Updated by Abram Connelly almost 6 years ago
Doing some small timing tests on local (compressed) FastJ files, it looks to take around ~13mins (47s on a 16 core machine) with minimal memory.
Updated by Abram Connelly almost 6 years ago
There are two CWL pipelines, one that does a check on a datasets worth (for example, an individuals genome in FastJ format) and another that does it for multiple datasets.
The single check is called fastj-check.cwl
whereas the multiple check is fastj-check_wf.cwl
. The workflow fastj-check_wf.cwl
also takes in a list of output log file names to use that can be checked after the fact.
The single check CWL, fastj-check.cwl
, will fail if it finds an error, so I assume the scatter will also fail when an individual component fails in fastj-check_wf.cwl
. The failed return is saved until the end so all tile paths can be checked in fastj-check.cwl
and I'm hoping the output will be available for review on failure.
There is a test run with two successfully checked FastJ directories under the collection cc6742d8a05a5e15c35e2e504941ccab+203. This is the result of running fastj-check_wf.cwl
with the following YAML file:
script: class: File path: ../src/fastj-dir-check fastjDirs: - class: Directory path: keep:c6e202a426db2120b1f806a71e9ab876+52891 - class: Directory path: keep:0b76a09e54ccbb5425034aba8b63e8c0+52893 outlogs: [ "hu826751.log", "hu34D5B9-GS01670-DNA_E02.log" ]
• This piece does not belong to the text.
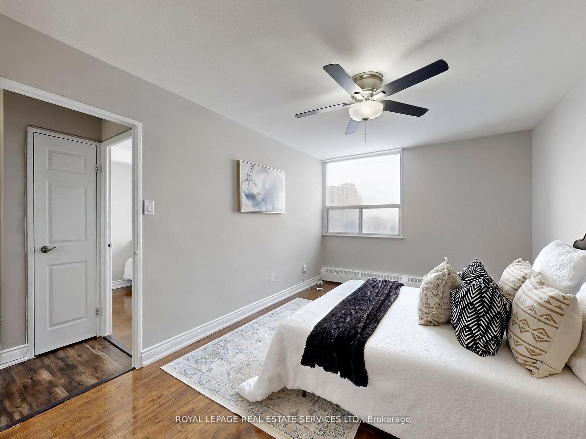 Welcome to suite 702-a beautifully updated, freshly painted 2-bedroom, 1-bathroom corner unit offering 1,100 sq. Ft. Of bright, open-concept living with underground parking. This inviting space features wide-plank neutral laminate flooring throughout and large windows that fill the living and dining areas with natural light, creating an ideal setting for both entertaining and relaxing. The upgraded eat-in kitchen showcases sleek white cabinetry, a modern backsplash, and stainless steel appliances. Both bedrooms are generously sized and finished with the same contemporary flooring for a seamless feel. Additional conveniences include side-by-side laundry, a large in-suite storage room, and a welcoming foyer with wide hallways. Enjoy your private balcony with open views and take advantage of the building's impressive amenities, including an outdoor pool, tennis court, gym, sauna, party room, visitor parking, and underground car wash. Perfectly located with easy access to transit, major highways, shopping, schools, medical centers, centennial park, and toronto pearson international airport, this corner suite offers exceptional light, convenience, and outstanding value. A must-see!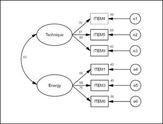 Figure 2 shows standardized coefficients for the proposed model, with values ranging from .65 (Item 1) to .81 (Item 5). All values were statistically significant (p < .001). As estimated by the model, the relation between both factors was .43 between technique and energy.

Available under yml/test-fastj-check_wf.yml
.
Here is a snippet of the log file created:
# /keep/c6e202a426db2120b1f806a71e9ab876+52891/00ce.fj.gz fastj check: OK fastj tileid check: OK # /keep/c6e202a426db2120b1f806a71e9ab876+52891/001e.fj.gz fastj check: OK fastj tileid check: OK # /keep/c6e202a426db2120b1f806a71e9ab876+52891/00c9.fj.gz fastj check: OK fastj tileid check: OK # /keep/c6e202a426db2120b1f806a71e9ab876+52891/0284.fj.gz
Doing a grep
for the string "error" should provide places where the FastJ check failed (from the fjt
checks run on it).
Updated by Sarah Zaranek almost 6 years ago
Notes on review:
in: cwl-run/submit-check-fastj-wf.sh
--disable-resuse probably not necessary for running the cwl also should do the default of --api containers or mention it
in: test-fastj-check_wf.yml
I assume this is an OK file to list publicly?
+ class: Directory
+ path: keep:c6e202a426db2120b1f806a71e9ab876+52891
Updated by Abram Connelly almost 6 years ago
The --disable-reuse
is really for testing purposes. The cwl-run/submit-check-fastj-wf.sh
is only there as an example submission script and not really meant for "production". When testing, I like to force execution to make sure it's been run with the latest. Maybe a comment in the code to that effect?
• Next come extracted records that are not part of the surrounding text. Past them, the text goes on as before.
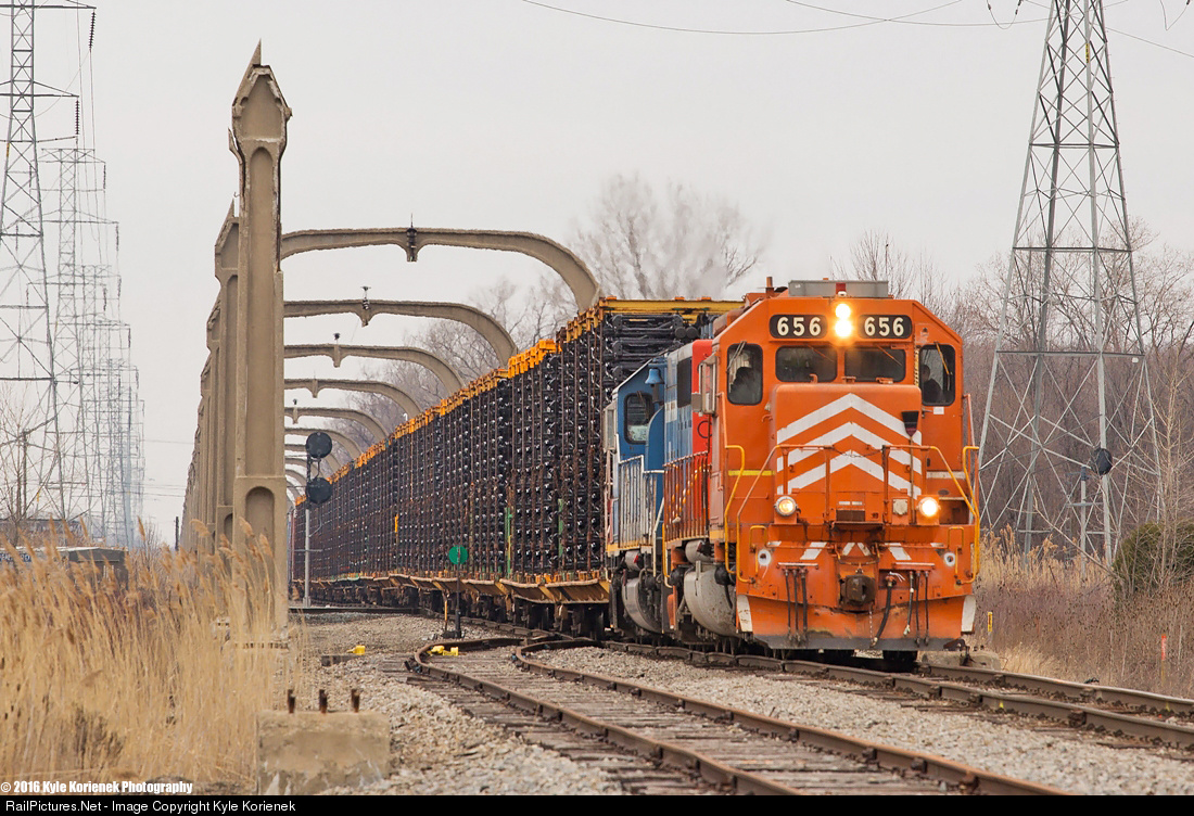 Despite the heavy clouds hanging strong thanks to the Detroit River, the sky did not dampen the mood of myself, Steven McKay and "The Guy"(along with several others) as CN L572, led by EJ&E 656 and GTW 5936, rolls south along the CN Dearborn Sub under the arches that Henry Ford built to power his trains. The electrification is long gone, but the Ford business is bigger than ever, as evidence by the dozens of auto frames rocking along down the jointed rail.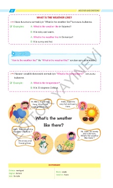 F Hava durumunu sormak için “What is the weather like?”sorusunu kullanırız.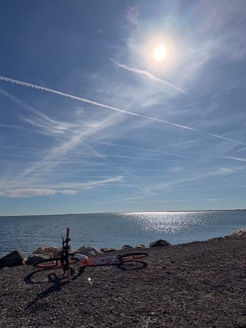 Im Sommer stemmen wir die Fahrräder dann wieder runter und binden sie aufs Wohnmobil, das normalerweise in der Marina stehen bleiben darf.
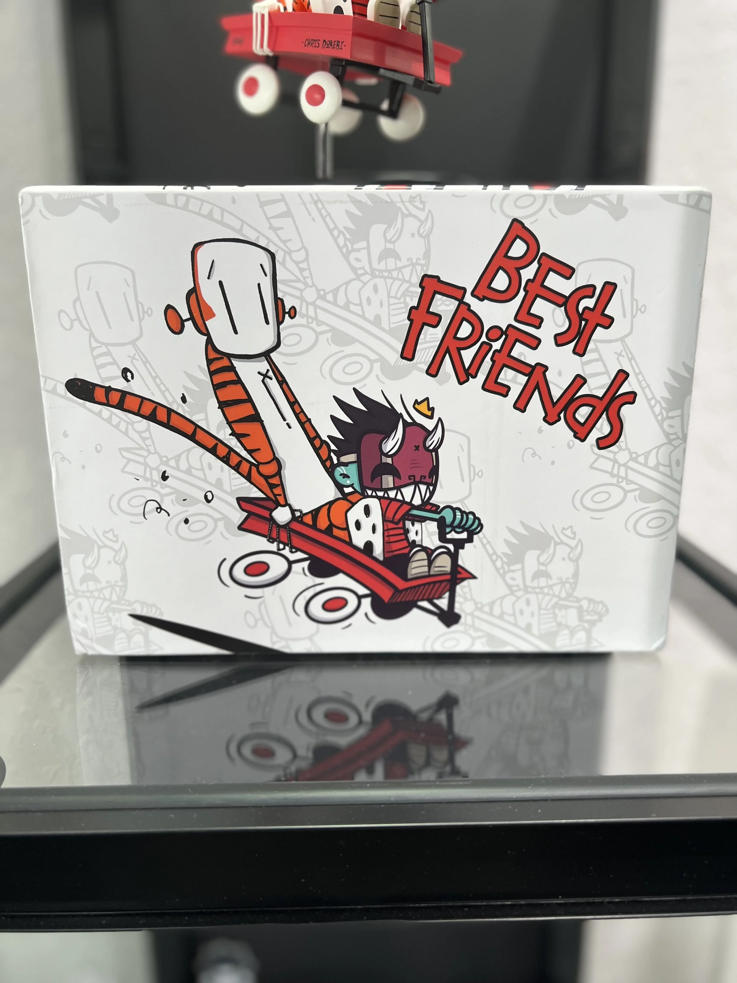 Inspired by our Calvin and Hobbes sticker collaboration, Chris RWK and I produced a vinyl toy with Strange Cat Toys. Best Friends is a resin toy that stands 7” tall and 8” long. We produced a very limited run of 200pcs.

c6e202a426db2120b1f806a71e9ab876+52891
and 0b76a09e54ccbb5425034aba8b63e8c0+52893
(the other dataset in yml/test-fastj-check_wf.yml
) are hu826751-GS03052-DNA_B01
and hu34D5B9-GS01670-DNA_E02
respectively, which are the FastJ collections derived from the publicly available Harvard PGP GFF files for those two participants.
Updated by Abram Connelly almost 6 years ago
- Status changed from In Progress to Closed
Added license headers to source files.
I had troubles untangling the commit history because of errors in the commit messages so I created a new branch 13380-cwl-fastj-checks-v2
which I then used to merge into master and push.
I also added .licenseignore
file as the git checks were not correctly figuring out I had license information in the source files.